Assumindo-se que a proposição: “A proposição que possui a maior razão para existir [isto é, ser verdadeira] existe [isto é, é verdadeira]” é necessária, devemos examinar se ela, então, segue aquela proposição que possui a maior razão para existir [isto é, ser verdadeira] é necessária. Mas, é injustificável negar a conseqüência. Pois, se por definição, uma proposição necessária é aquela cuja verdade pode ser demonstrada com rigor geométrico, então, de fato, pode ocorrer desta proposição ser demonstrável: “toda verdade e apenas uma verdade possui maior razão” ou seja: “Deus sempre age com a maior sabedoria”. Mas, disto não se pode demonstrar a proposição: “a proposição contingente A possui maior razão [de ser verdadeira]” ou “a proposição contingente A está em conformidade com a sabedoria divina”. E, portanto, não se segue que a proposição contingente A seja necessária. Então, embora se possa admitir que é necessário para Deus escolher o melhor, ou que o melhor é necessário, disto não se infere que aquilo que é escolhido é necessário, desde que não há demonstração que seja o melhor.
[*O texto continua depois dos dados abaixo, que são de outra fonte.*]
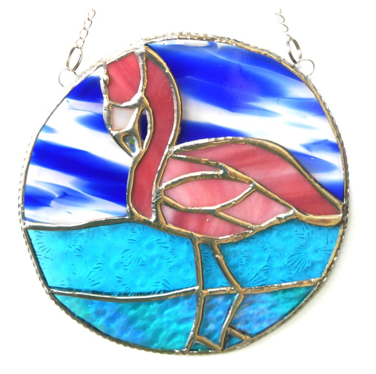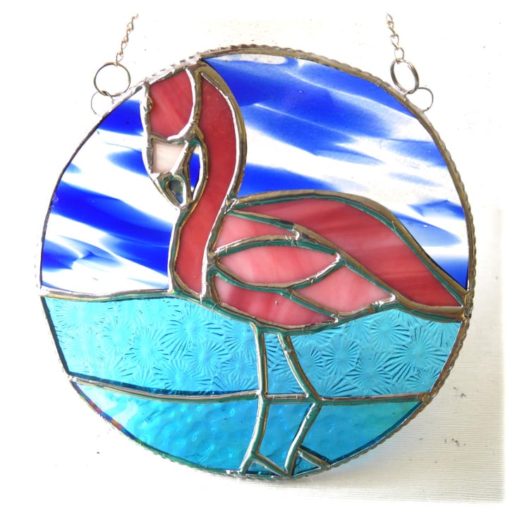 The suncatcher is in the form of a circular picture showing a bright pink long legged Flamingo. The bird is standing on its long legs in turquoise water with a pretty blue sky above.

E, aqui, a distinção entre necessidade da conseqüência [necessitas consequentiae] e necessidade do conseqüente [necessitas consequentis] é de algum modo relevante; ao final, a proposição em questão é uma necessidade da conseqüência, não do conseqüente, pois é necessária uma vez que admitamos a hipótese de que a entendamos como sendo a melhor, assumindo que o melhor é necessariamente escolhido.

Parece mais seguro atribuir a Deus o modo mais perfeito possível de realizar as coisas. Nas criaturas não se pode estar tão certo de que agirão de acordo com até mesmo a mais óbvia razão; com respeito às criaturas essa proposição não pode ser demonstrada.